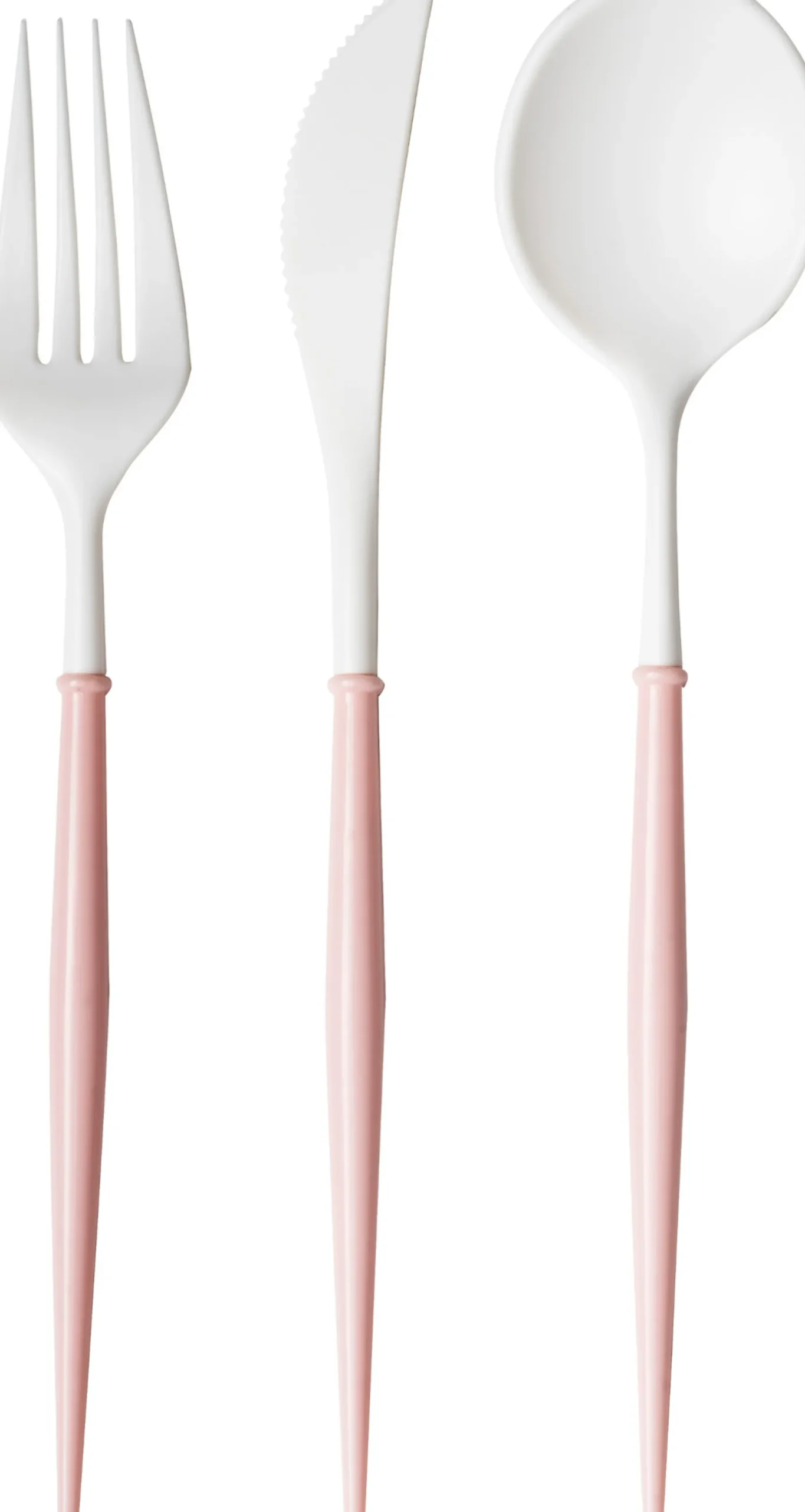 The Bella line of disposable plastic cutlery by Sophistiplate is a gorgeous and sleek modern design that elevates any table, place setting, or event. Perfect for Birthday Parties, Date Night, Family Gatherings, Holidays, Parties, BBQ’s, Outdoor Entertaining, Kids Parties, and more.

--

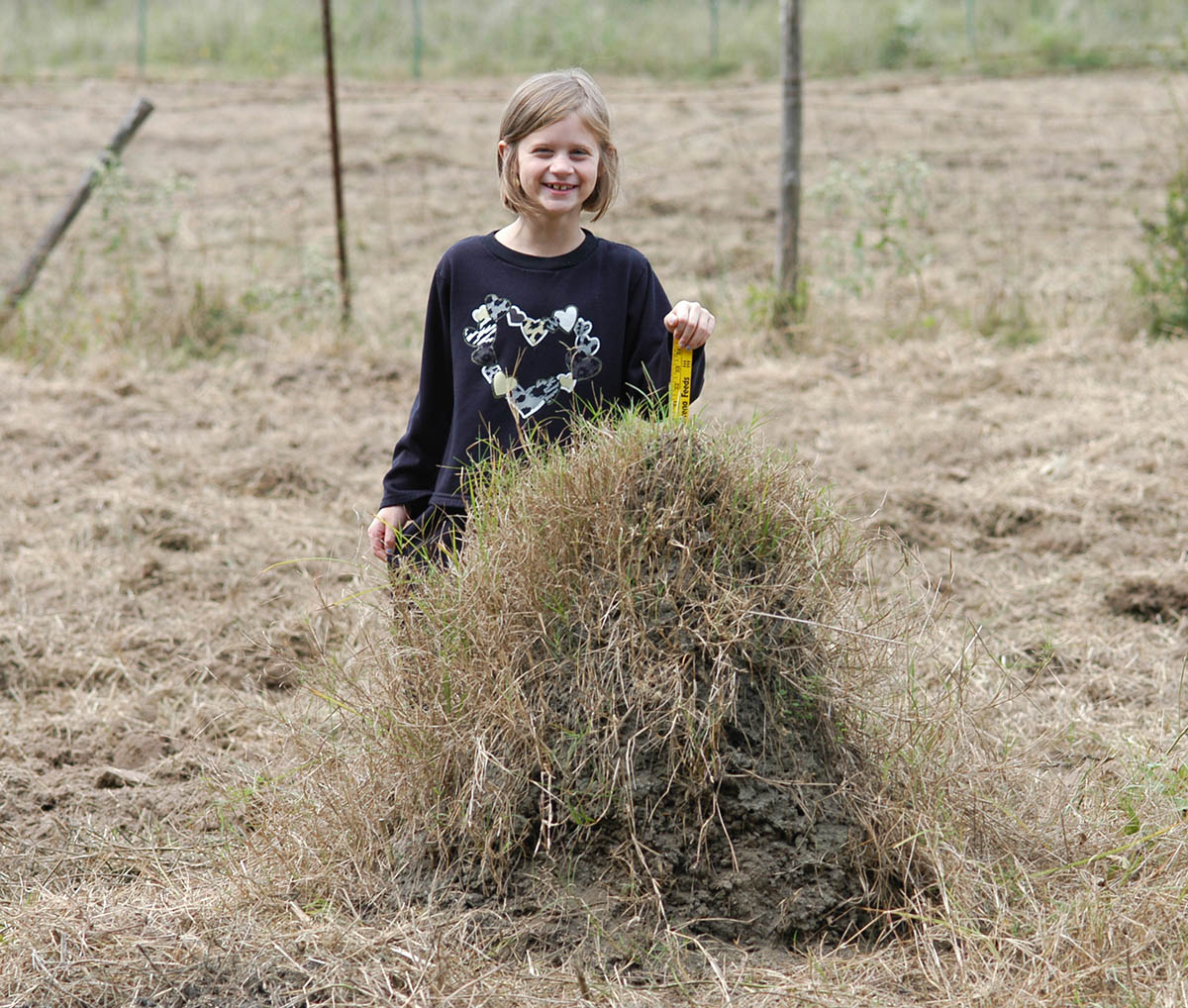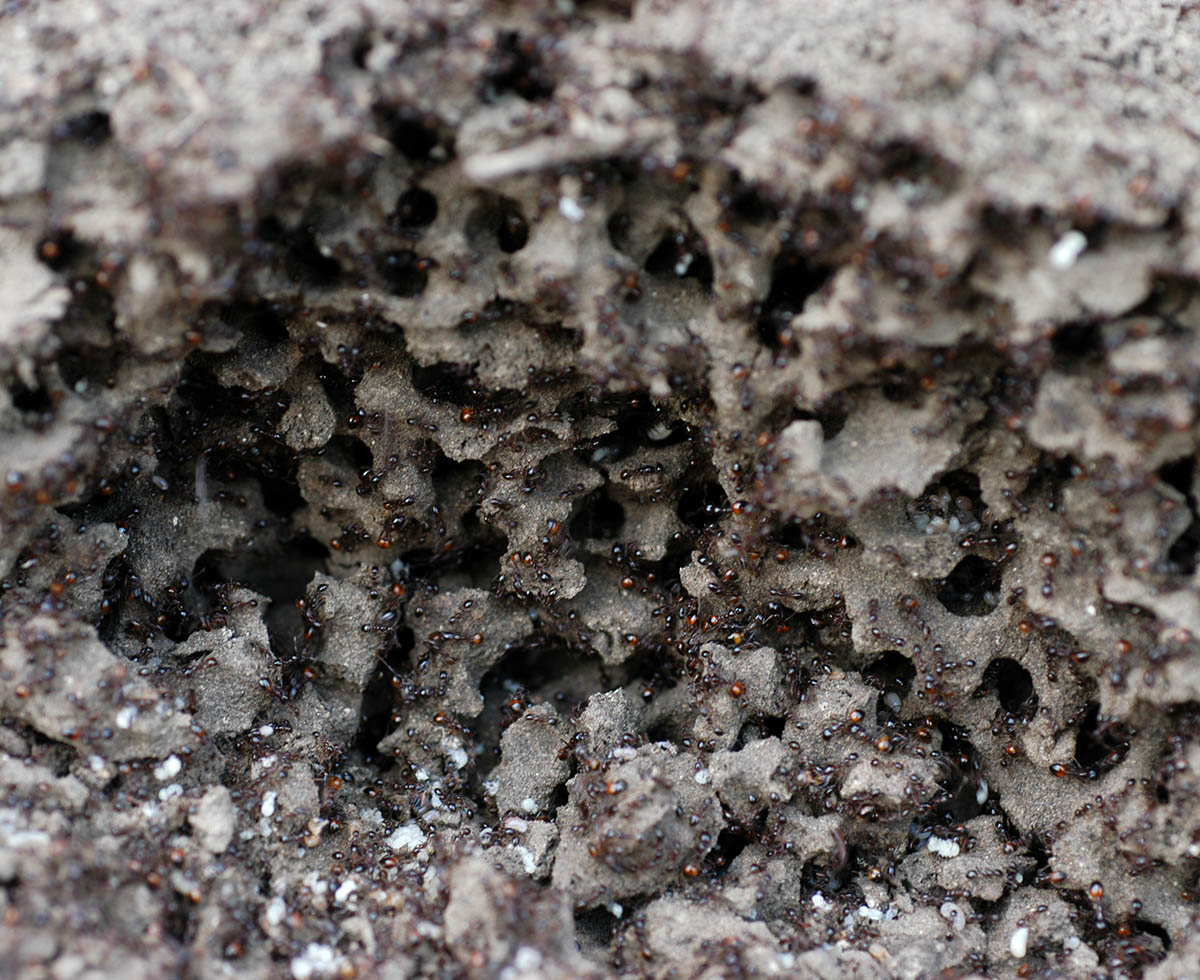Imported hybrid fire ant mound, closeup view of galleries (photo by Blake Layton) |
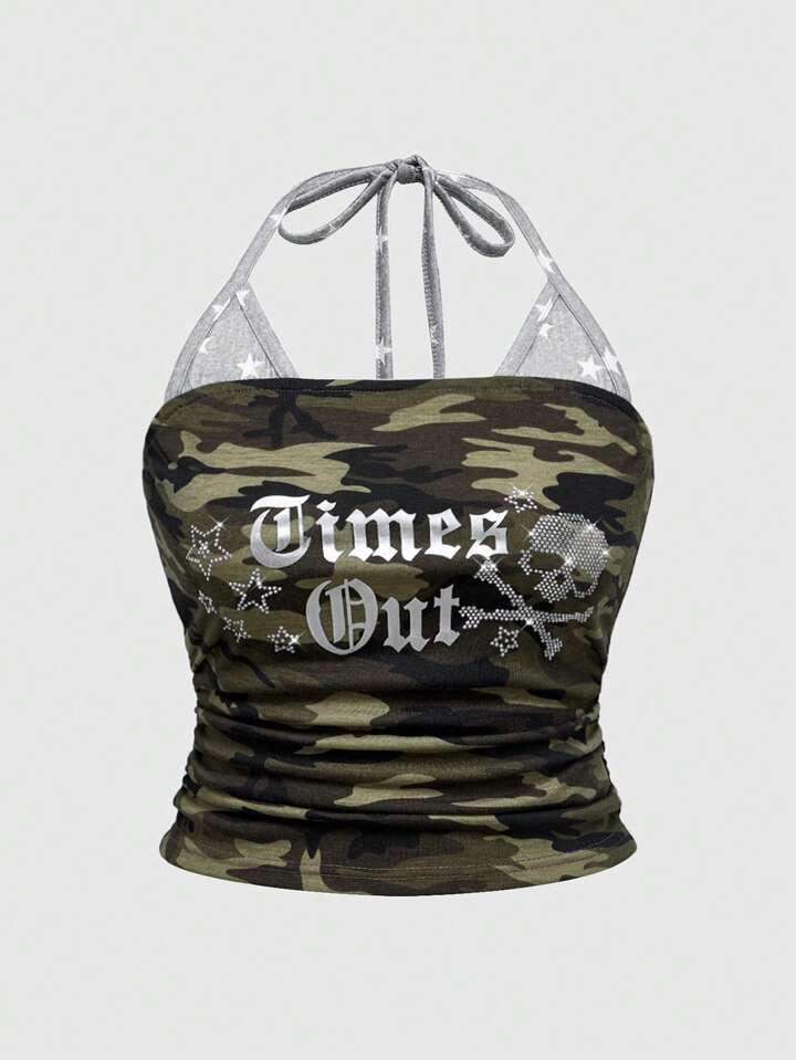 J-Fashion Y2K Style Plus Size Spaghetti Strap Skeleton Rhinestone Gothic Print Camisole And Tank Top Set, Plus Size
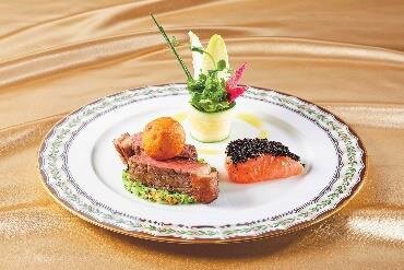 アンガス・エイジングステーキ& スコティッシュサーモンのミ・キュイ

---

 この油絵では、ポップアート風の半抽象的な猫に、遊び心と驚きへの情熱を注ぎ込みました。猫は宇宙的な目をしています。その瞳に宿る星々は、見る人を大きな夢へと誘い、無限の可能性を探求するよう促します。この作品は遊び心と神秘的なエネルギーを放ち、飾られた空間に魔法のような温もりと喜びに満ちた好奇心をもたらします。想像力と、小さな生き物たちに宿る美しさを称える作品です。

* **EXERCISE DESCRIPTION**: Give back exactly, and solely, the section of the data above bounded by the line containing "J-Fashion Y2K Style" and the line containing "アンガス・エイジングステーキ& スコティッシュサーモンのミ・キュイ", both bounding lines included and pictures omitted.

* **PROBLEM SOLUTION**:
 J-Fashion Y2K Style Plus Size Spaghetti Strap Skeleton Rhinestone Gothic Print Camisole And Tank Top Set, Plus Size
 アンガス・エイジングステーキ& スコティッシュサーモンのミ・キュイ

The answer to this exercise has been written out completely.